It has to do with the way that vaccine developers use chicken eggs as incubators for growing a given season's influenza virus, a practice that in and of itself is controversial due to the fact that using chicken embryos in vaccines has been linked to causing egg allergies.
For at least the past 70 years, vaccine manufacturers have been injecting influenza viruses into chicken eggs in order to allow them time to replicate. After this replication is complete, the fluid is drained from the eggs and the virus is extracted – the eggs themselves functioning as an artificial growth environment where flu viruses flourish.
But according to the findings of this new study study, which were published in the open-access journal PLOS Pathogens, chicken eggs actually end up disrupting the major antibody target sites on the surfaces of flu viruses, causing them to become less effective later on when they're injected into human bodies.
"Now we can explain – at an atomic level – why egg-based vaccine production is causing problems," stated TSRI Research Associate Nicholas Wu, Ph.D., one of the study's lead authors. [emphasis added]
To keep up with the latest news on vaccines as we approach so-called "flu season," be sure to visit and bookmark Influenza.news.
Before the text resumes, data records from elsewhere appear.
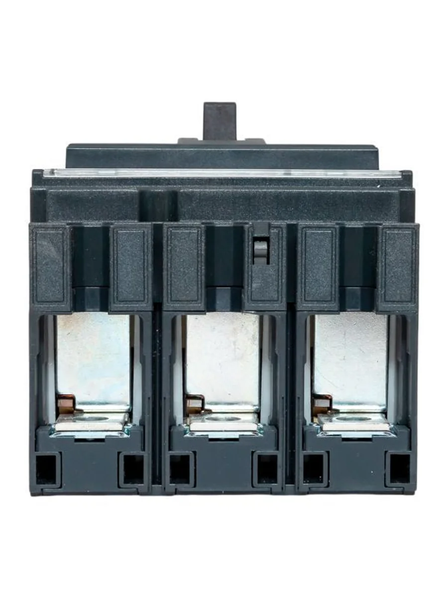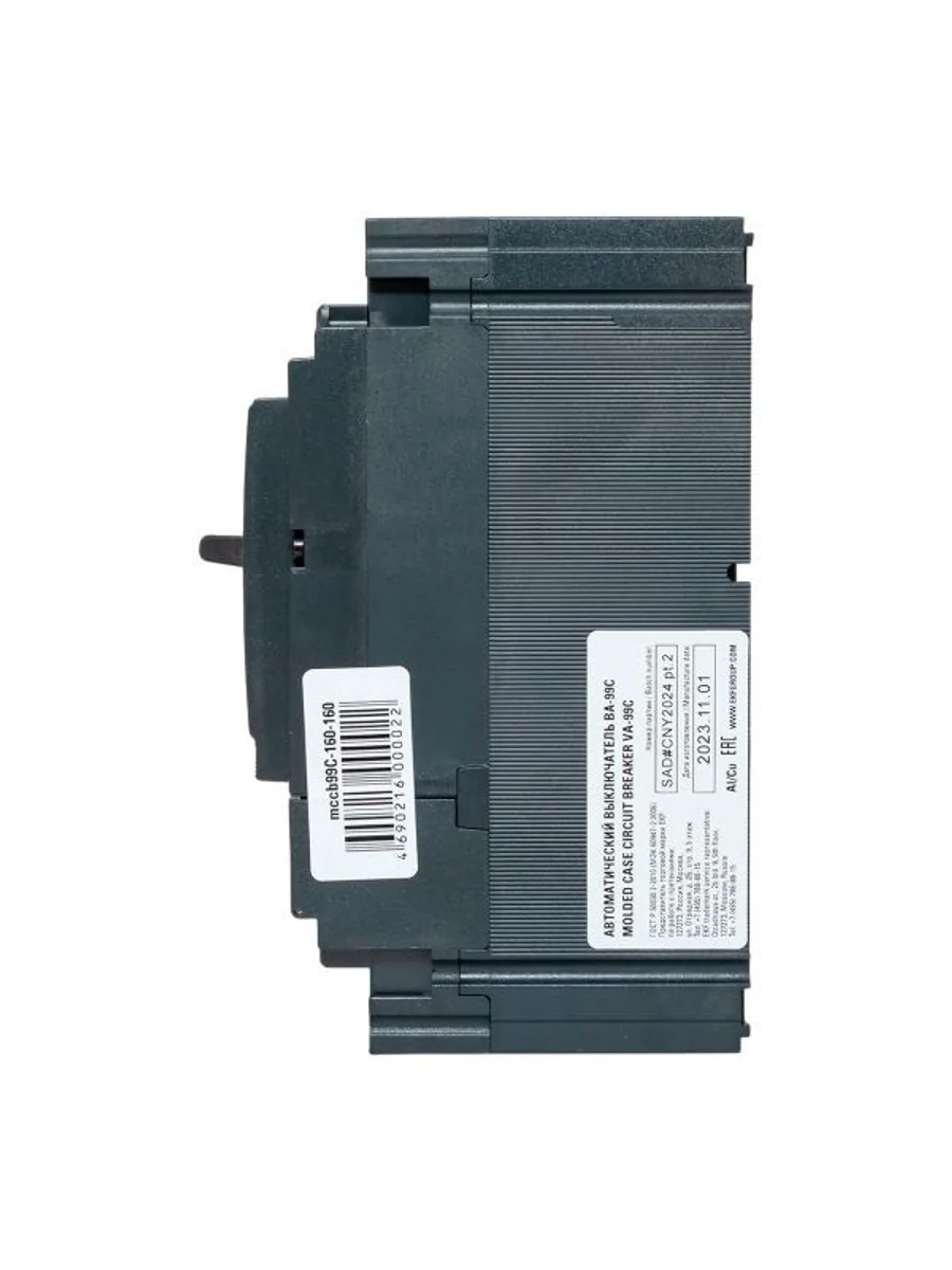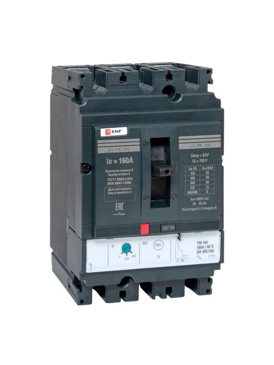 Выключатель ВА-99С выполнен в виде моноблока и состоит из основания и крышки с фальш-панелью, в которой имеется окно для рукоятки управления и толкатель кнопки «Тест» – для проверки механизма отключения выключателя.Основание выполнено из термостойкой пластмассы, не поддерживающей горение и являющейся несущей конструкцией для присоединительных зажимов, блок ротоактивных контактов с двумя дугогасительными камерами представляет собой жесткую сборку в отдельном корпусе, механизма управления, блока защиты от сверхтоков и перегрузки (расцепителя). Крышка закрывает все подвижные элементы механизма управления и внутренние токоведущие части.
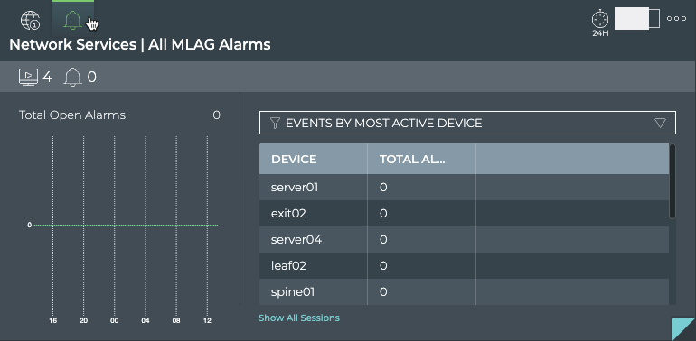 Click Show All Sessions to investigate all MLAG sessions with events in the full screen card.
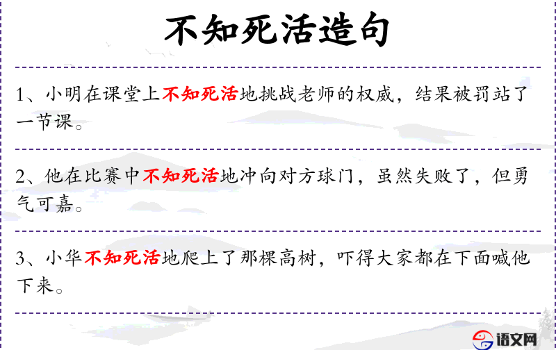 - 不知死活:形容人做事不顾后果,非常冒险。

For the study, Wu and his colleagues tested the progression of the H3N2 flu virus as it incubated in chicken eggs. H3N2, after all, is one of several influenza subtypes that has become more prevalent and virulent, which is why it typically ends up in flu vaccines year after year.
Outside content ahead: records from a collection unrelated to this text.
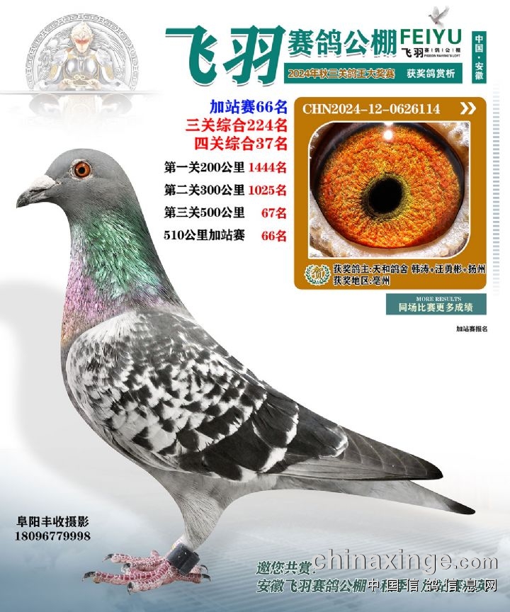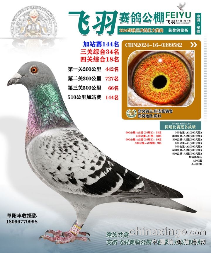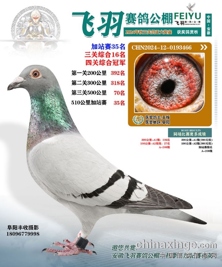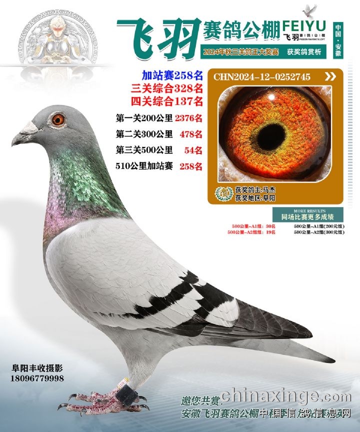 安徽飞羽俱乐部(秋):2024年加站赛获奖鸽图片鉴赏54名-70名
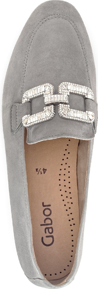 Damen - Slipper aus Leder/Synthetik in grau mit Schlupfeinstieg.
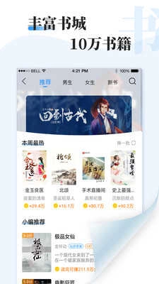 4、进入书城,查看推荐专区中热门的小说,可以切换查看男生女生专区。
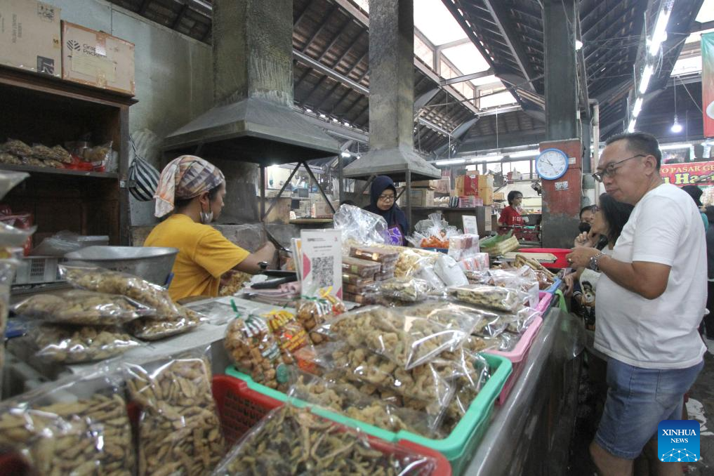 People shop during New Year holiday at Pasar Gede traditional market in Surakarta, Central Java, Indonesia, on Dec. 31, 2023. (Photo by Bram Selo/Xinhua)
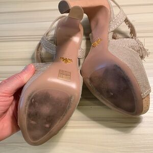 Prada Biege Knit Platform Sandals with buckle closure and cork platform
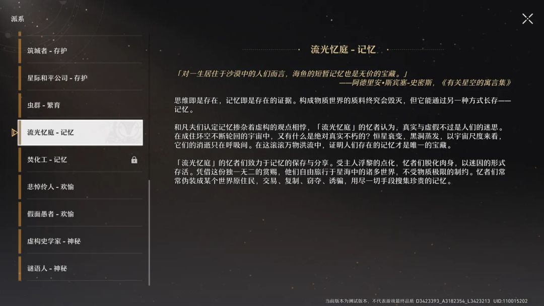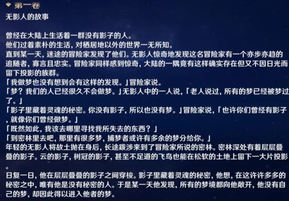 原神的《千夜故事集》描述得更为直接:“梦与影子与此在的实存一一对应”。“此在”是海德格尔创造的词,指向在时间中存在的人[10]。我很想在此展开有关存在、时间、熵、诺斯替与人的物理哲学讨论,但碍于篇幅所限,只能找机会再议了。我们还是讨论回星穹铁道的问题:如果说宇宙是生成源的流溢、影子、梦,那么什么才是真实的?记忆吗?

Using a high-resolution imaging technique known as X-ray crystallography to take a closer look at H3N2, the team found that a key protein in the virus changes so much during chicken egg incubation that it no longer functions as a match in humans. In fact, the end result is that bird cells rather than human cells end up becoming a better fit.
This mutation is described in the study as L194P, which occurs in H3N2's hemagglutinin glycoprotein, also known as HA. It is said to completely disrupt the region of the protein that the human immune system can recognize, rendering it completely ineffective in all practical terms.
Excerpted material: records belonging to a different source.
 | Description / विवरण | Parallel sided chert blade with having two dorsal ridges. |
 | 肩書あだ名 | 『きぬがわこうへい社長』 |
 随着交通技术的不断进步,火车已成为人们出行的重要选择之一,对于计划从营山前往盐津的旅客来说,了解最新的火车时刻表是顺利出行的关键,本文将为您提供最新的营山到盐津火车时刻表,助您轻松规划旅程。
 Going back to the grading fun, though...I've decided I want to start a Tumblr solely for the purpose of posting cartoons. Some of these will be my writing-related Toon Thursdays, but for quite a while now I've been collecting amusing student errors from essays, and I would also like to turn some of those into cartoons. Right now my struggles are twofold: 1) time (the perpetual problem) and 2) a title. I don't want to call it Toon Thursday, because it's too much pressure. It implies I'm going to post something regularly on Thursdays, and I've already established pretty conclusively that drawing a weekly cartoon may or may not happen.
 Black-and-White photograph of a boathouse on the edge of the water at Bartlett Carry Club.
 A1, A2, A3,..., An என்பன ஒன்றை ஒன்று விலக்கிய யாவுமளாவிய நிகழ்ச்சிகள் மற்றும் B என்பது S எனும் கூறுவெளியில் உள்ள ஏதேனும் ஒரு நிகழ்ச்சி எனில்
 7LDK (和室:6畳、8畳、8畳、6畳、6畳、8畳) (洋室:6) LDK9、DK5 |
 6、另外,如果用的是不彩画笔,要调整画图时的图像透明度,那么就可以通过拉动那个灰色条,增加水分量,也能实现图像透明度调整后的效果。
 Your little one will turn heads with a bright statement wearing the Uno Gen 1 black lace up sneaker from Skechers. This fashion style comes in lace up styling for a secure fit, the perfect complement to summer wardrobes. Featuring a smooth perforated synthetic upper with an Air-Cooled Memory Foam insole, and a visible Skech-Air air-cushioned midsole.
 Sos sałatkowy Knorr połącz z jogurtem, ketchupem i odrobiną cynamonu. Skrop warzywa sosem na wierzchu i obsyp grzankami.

In order for a flu vaccine (or any other vaccine, for that matter) to be considered effective, it has to actively trigger an immune response inside the body that results in the creation of antibodies to fight off the real thing. But the H3N2 mutation that results from conventional incubation procedures during vaccine production leave the virus impotent, so to speak.
"Any influenza viruses produced in eggs have to adapt to growing in that environment and hence generate mutations to grow better," admitted Ian Wilson, a Hansen Professor of Structural Biology at TSRI, and the study's lead senior author.
Adding to this, his colleague Wu urged vaccine producers "to look at this mutation" and work on a solution. He and his colleagues stated that other methods of producing vaccines that will make them more effective "are now being used and explored."
"There's a huge need for flu vaccine research," Wu is quoted as saying.
The ineffectiveness of flu vaccines is nothing new, of course. Natural News has been sounding the alarm about flu vaccine fraud for years, noting further that people take a huge risk every time they agree to have their bodies injected with flu shots, which besides ineffective viruses often contain mercury (Thimerosal), aluminum, and various other toxic adjuvant additives.